▶ Required action
Repeat the stretch of entries below from the line with "- Issues pertaining" through the line with "Εισαγάγετε τον κωδικό". Include both ends and add nothing.

▶ The input
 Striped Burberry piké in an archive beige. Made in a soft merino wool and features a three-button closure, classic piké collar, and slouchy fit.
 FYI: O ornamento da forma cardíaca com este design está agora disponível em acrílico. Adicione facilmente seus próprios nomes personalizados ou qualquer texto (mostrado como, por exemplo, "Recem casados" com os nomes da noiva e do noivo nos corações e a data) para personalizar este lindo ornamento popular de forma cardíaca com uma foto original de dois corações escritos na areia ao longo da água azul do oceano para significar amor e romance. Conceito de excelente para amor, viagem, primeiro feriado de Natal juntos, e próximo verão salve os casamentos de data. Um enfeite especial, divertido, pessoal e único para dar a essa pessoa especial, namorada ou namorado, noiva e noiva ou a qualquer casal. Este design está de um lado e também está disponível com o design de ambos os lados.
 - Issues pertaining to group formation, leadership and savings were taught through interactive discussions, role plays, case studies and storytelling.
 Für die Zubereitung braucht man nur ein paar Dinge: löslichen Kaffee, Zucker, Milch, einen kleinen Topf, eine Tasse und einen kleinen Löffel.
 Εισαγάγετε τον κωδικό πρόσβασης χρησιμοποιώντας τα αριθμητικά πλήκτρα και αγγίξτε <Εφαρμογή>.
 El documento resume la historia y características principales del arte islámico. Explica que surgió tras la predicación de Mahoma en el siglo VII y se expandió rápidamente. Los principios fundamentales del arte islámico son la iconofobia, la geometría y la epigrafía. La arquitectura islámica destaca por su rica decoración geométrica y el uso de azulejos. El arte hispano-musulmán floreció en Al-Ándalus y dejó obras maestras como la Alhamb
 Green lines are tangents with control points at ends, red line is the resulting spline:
---
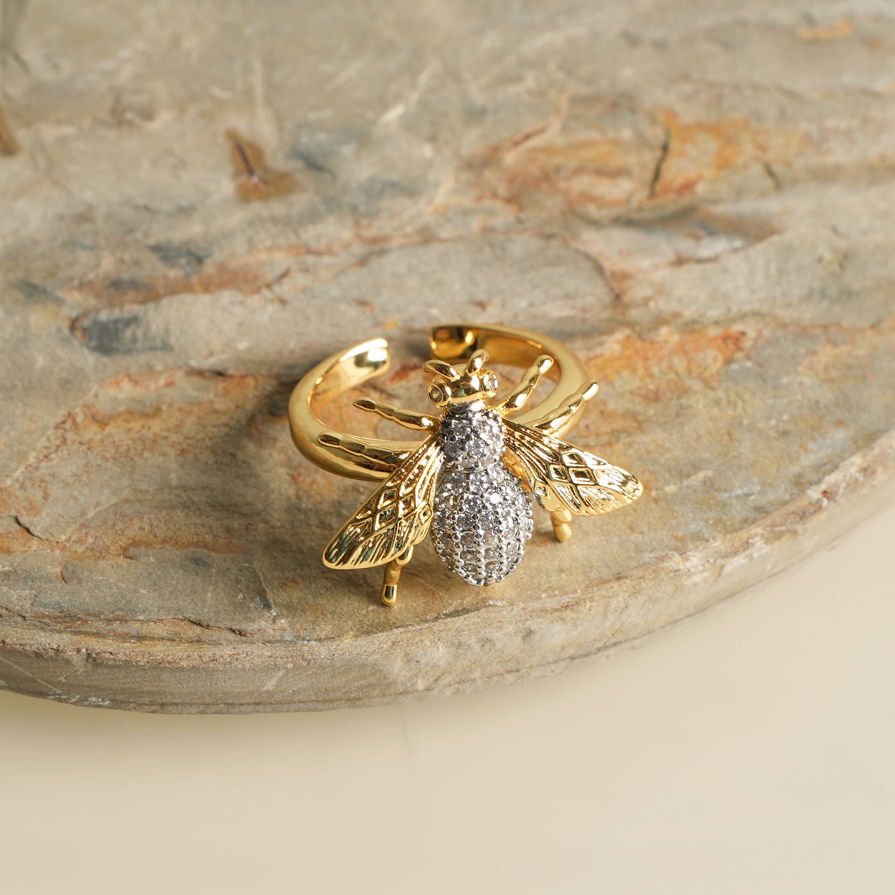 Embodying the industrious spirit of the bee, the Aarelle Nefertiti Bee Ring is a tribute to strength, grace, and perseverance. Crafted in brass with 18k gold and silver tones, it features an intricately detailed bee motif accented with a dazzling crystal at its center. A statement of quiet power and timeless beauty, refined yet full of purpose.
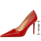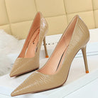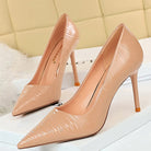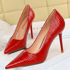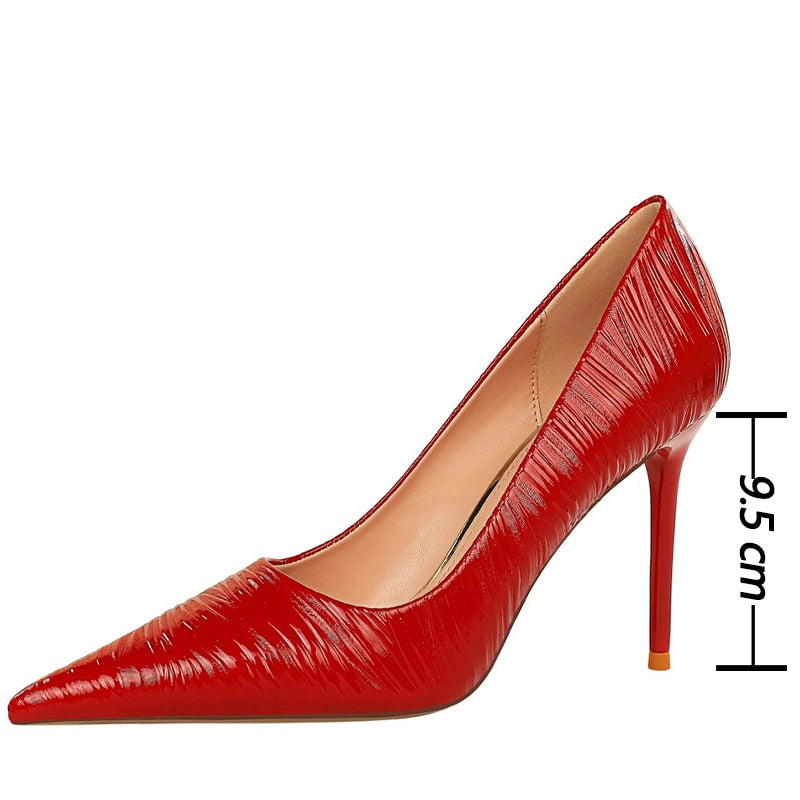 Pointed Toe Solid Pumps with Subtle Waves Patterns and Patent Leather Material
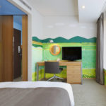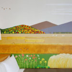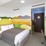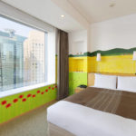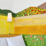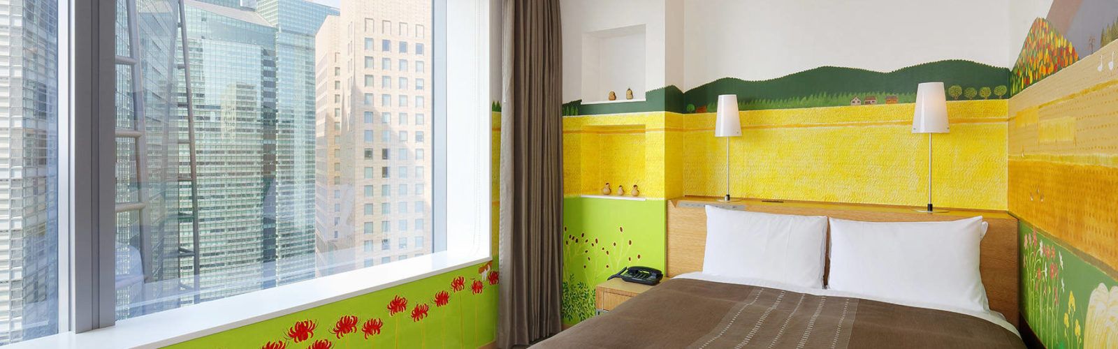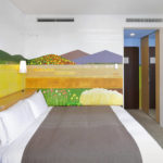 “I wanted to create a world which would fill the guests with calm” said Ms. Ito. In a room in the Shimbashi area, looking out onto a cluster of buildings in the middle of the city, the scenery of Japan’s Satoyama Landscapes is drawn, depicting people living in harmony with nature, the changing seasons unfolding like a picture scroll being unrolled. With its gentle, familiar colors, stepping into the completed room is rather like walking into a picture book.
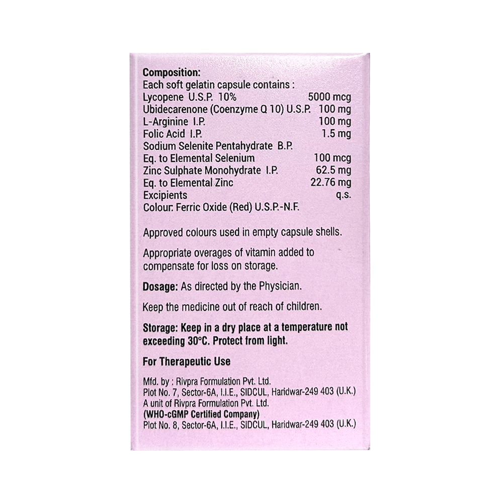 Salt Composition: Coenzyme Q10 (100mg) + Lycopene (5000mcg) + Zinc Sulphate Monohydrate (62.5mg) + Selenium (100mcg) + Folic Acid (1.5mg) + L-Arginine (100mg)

▶ Task output
 - Issues pertaining to group formation, leadership and savings were taught through interactive discussions, role plays, case studies and storytelling.
 Für die Zubereitung braucht man nur ein paar Dinge: löslichen Kaffee, Zucker, Milch, einen kleinen Topf, eine Tasse und einen kleinen Löffel.
 Εισαγάγετε τον κωδικό πρόσβασης χρησιμοποιώντας τα αριθμητικά πλήκτρα και αγγίξτε <Εφαρμογή>.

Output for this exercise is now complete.